In 2015, US News did a study they call the STEM index, looking at the demographics of people holding degrees and jobs in science, technology, engineering, and mathematics, aka STEM fields. The results weren’t thrilling; progress on shrinking the notorious disparities of race and gender in STEM careers seems to have been stalled since around 2000.
There are plenty of initiatives around to encourage women to take STEM paths and positions, but a greater gap is almost entirely overlooked – black students. As of 2017, only 6 percent of African-Americans will hold bachelor’s degrees or better in the STEM subjects.
Obviously, there are many forces at work in this problem, but one of them is student discouragement. We know it happens early—in fact a new study suggests that many students are nudged away from the ‘hard sciences’ as young as kindergarten. But universities still have hope of being part of the solution.

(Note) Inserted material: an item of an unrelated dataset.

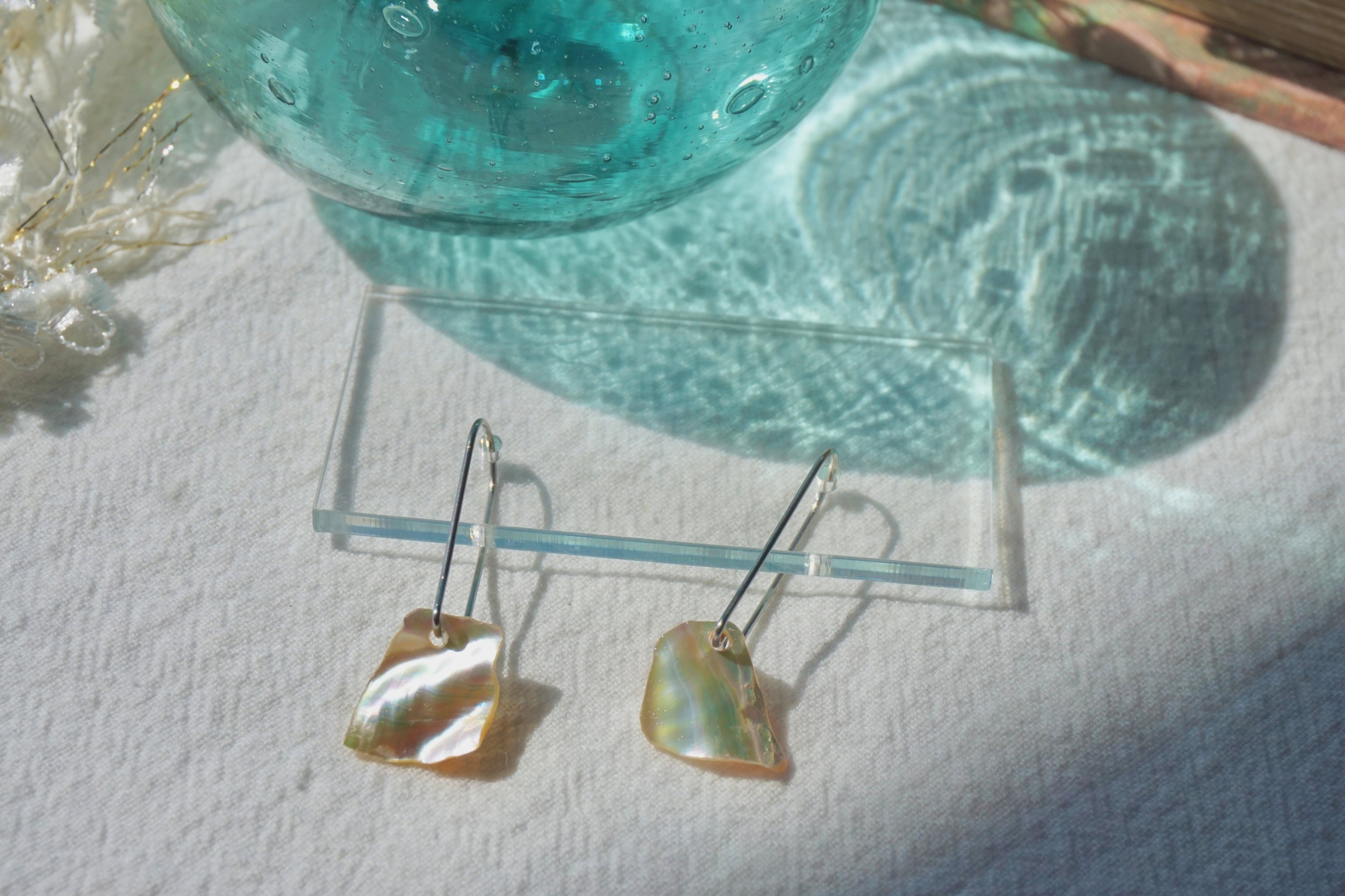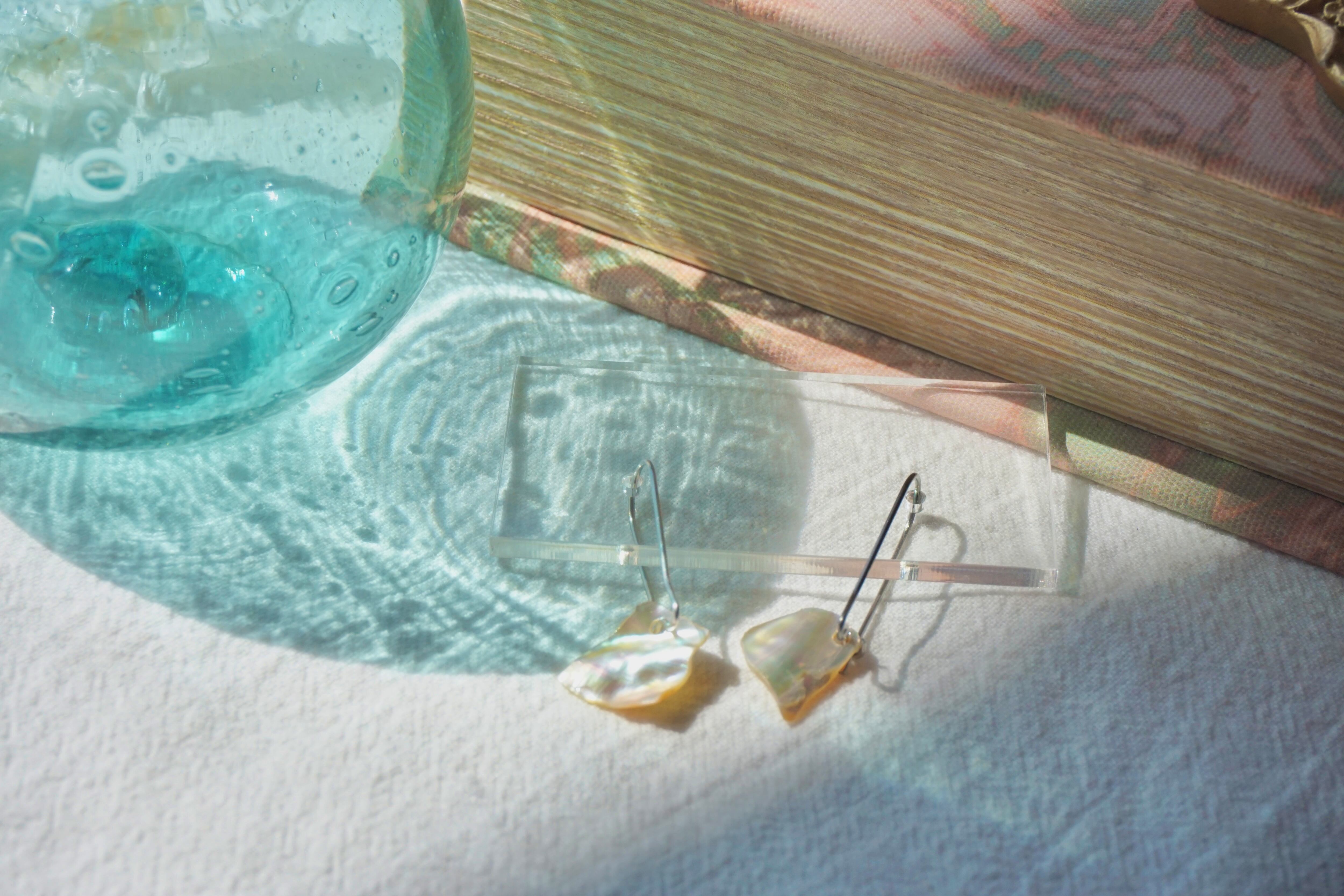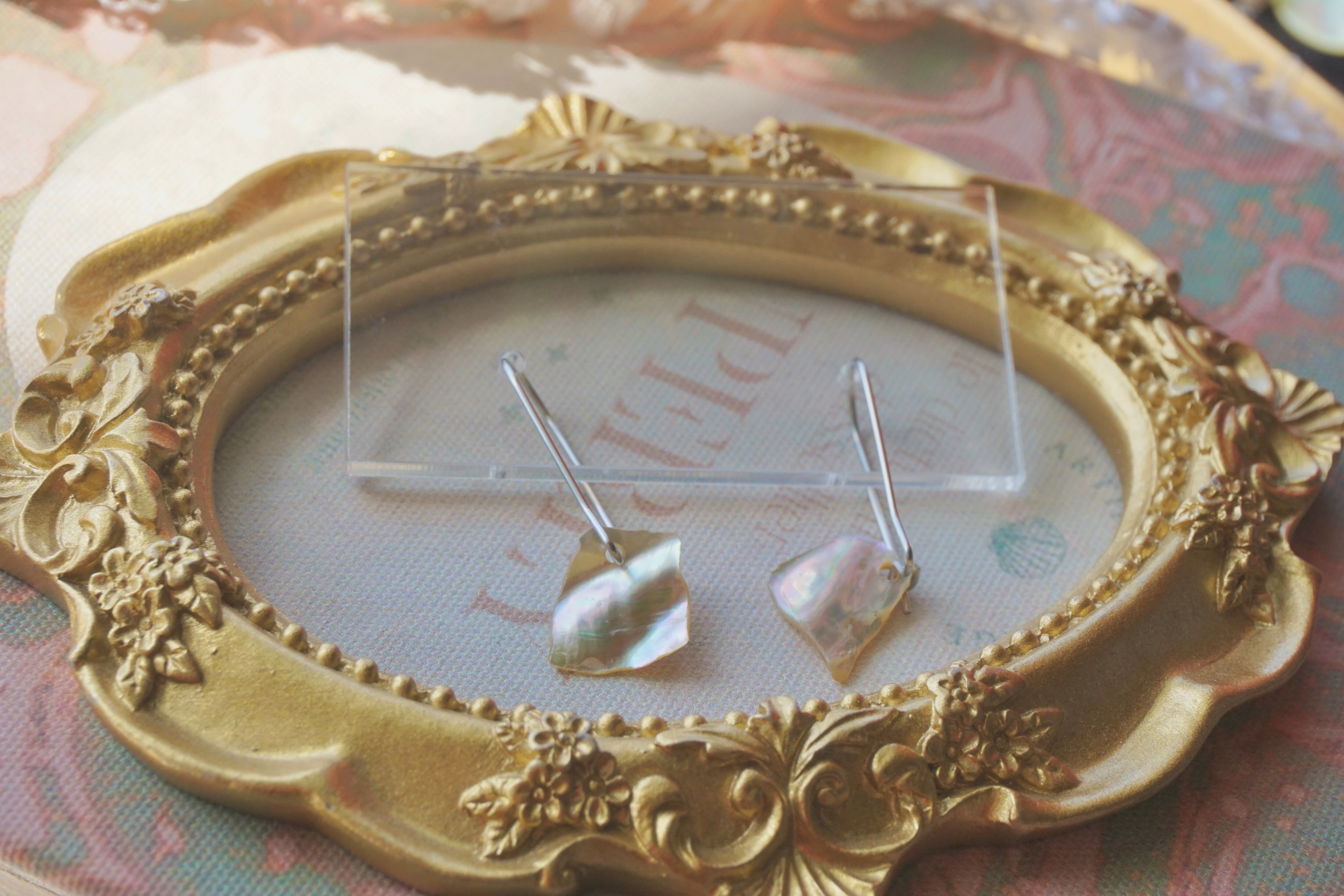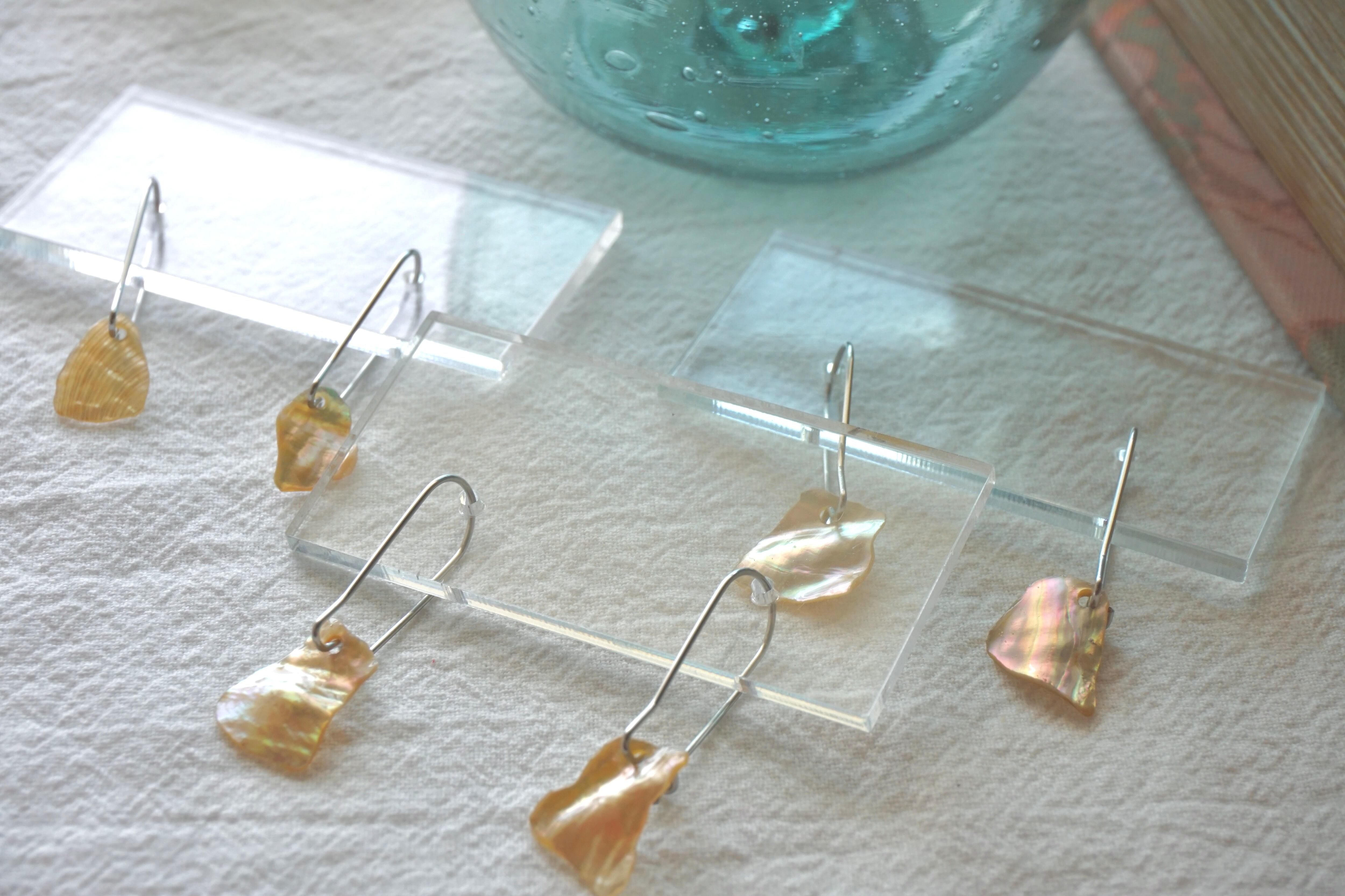 模様を描いたりせず、他のパーツで飾ったりもせず、そのままピアス金具に取り付けました。

Today, programs at Morgan State and nearby University of Maryland are focusing on piquing interest in STEM careers with intense recruiting programs, offers of support, and scholarships.
At Morgan State University, their ASCEND program has been a wild success, coming up tops in the US for producing black engineers, and they did that through a combination of academic support and funding of original research projects. They hope to spread their model to other colleges, starting with the 3% of US colleges which are historically black.
University of Maryland has the number two slot with their Meyerhoff Scholars Program, which seeks out minority high school students with high potential and connects them with financial aid and faculty mentors.
Both of these programs have high hopes for the future, and have attracted White House attention. Their growth and the success of their cause can only do good things for the future of the American workforce.